Geoff Hoon, now Britain's minister for Europe, said top ministers disapproved of the U.S. decision in May 2003 to disband the Iraqi army and rid the Iraqi civil service of members of Saddam Hussein's Baath party but were rebuffed.

He said it felt at times as if the U.S. vice president, Dick Cheney, was making the final decision on key issues, even after Prime Minister Tony Blair had made his point to President George W. Bush and other British ministers had also spoken out.

"Sometimes... Tony had made his point with the president, and I'd made my point with Don (Rumsfeld) and Jack (Straw) had made his point with Colin (Powell) and the decision actually came out of a completely different place.

"And you think: what did we miss? I think we missed Cheney," Hoon told the Guardian newspaper in an interview.

"We certainly argued against (the U.S. administration)."

Hoon said he had argued with the former U.S. defense secretary, Donald Rumsfeld, over the disbanding of Iraq's 350,000-strong army, a decision that contributed to the insurgency by putting armed and angry men out of work.

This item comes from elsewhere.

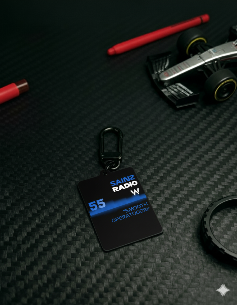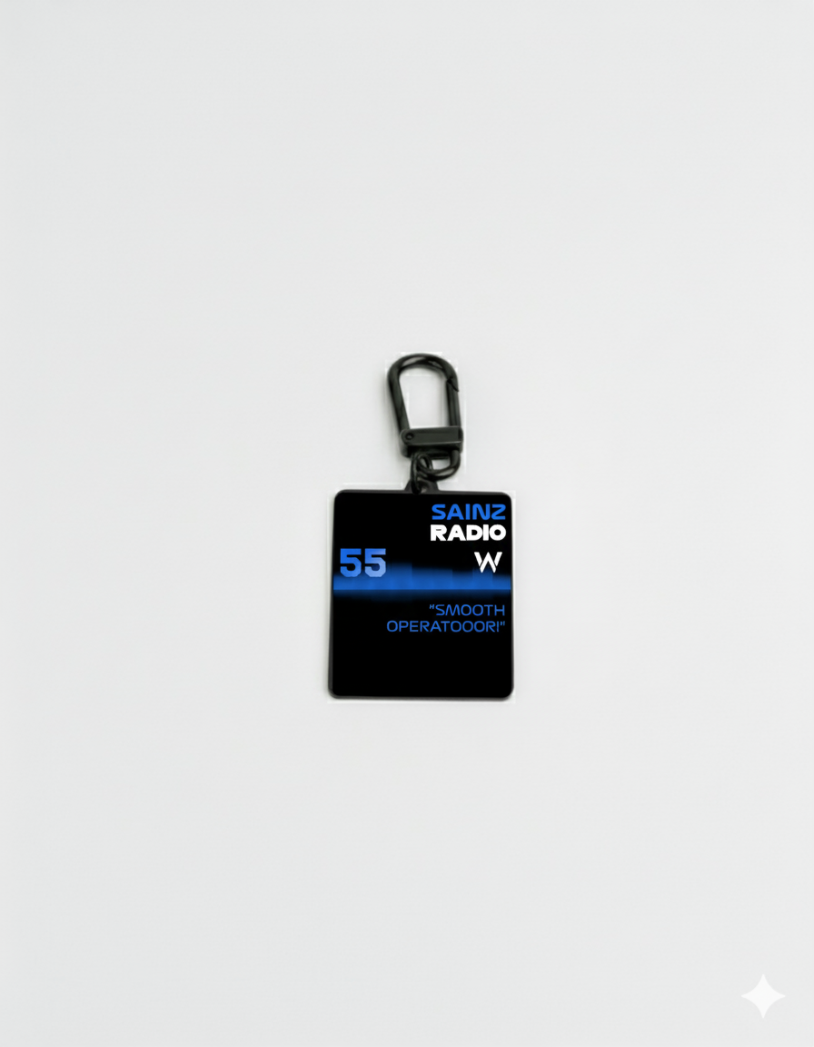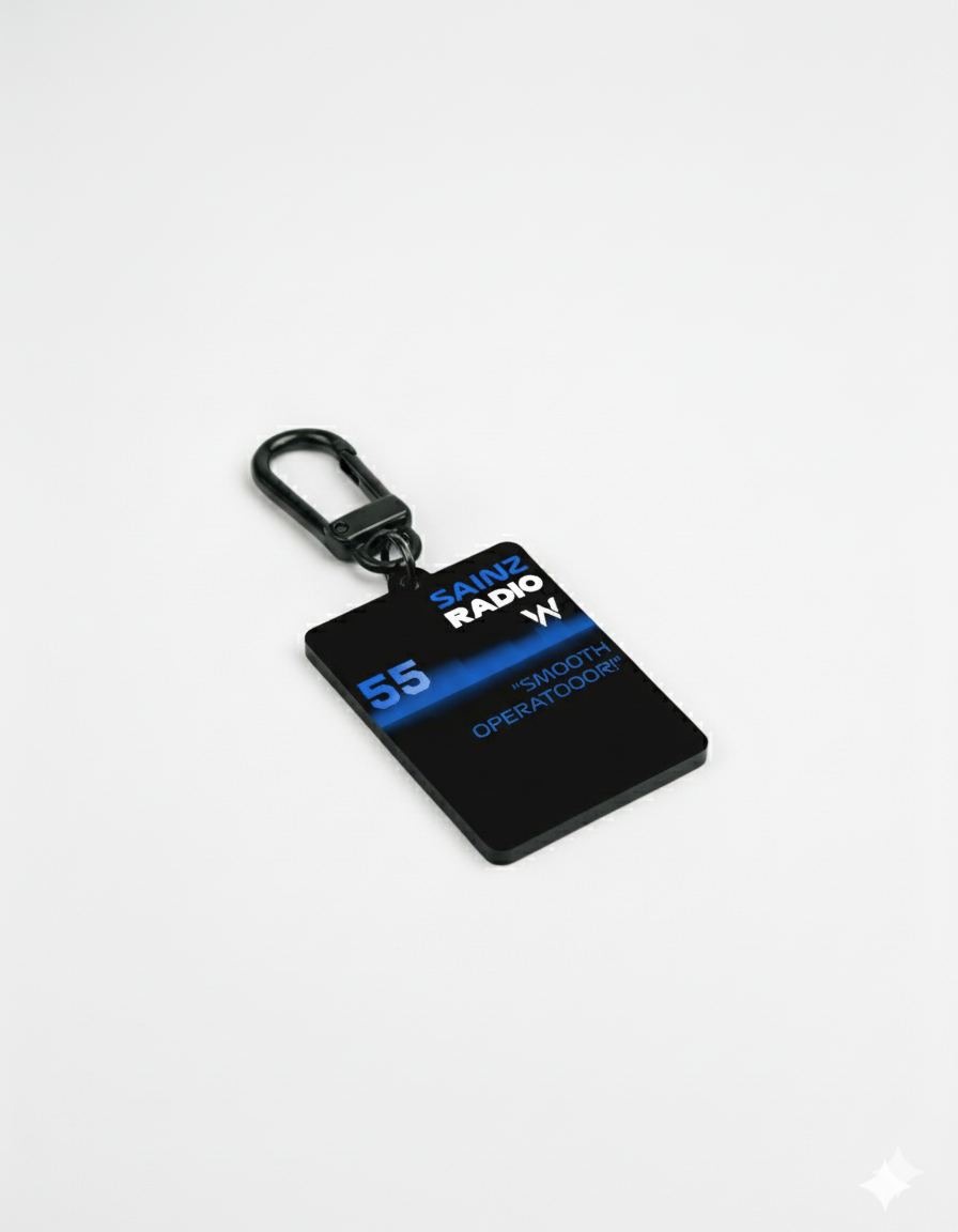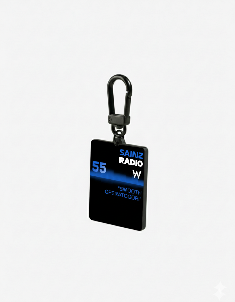 Carry a piece of radio history with this keychain featuring Carlos Sainz’s legendary “Smooth Operator” sing-song call – the fan-favorite moment that became his trademark celebration.

The purging of Baath party members from government offices also exacerbated problems in administering Iraq after the invasion and was a decision Britain did not support, he said.

Hoon, who served as defense minister from 1999 until 2005, also said post-war planning in Iraq had been inadequate, and Britain and the United States misread how Iraqis would react to the overthrow of Saddam.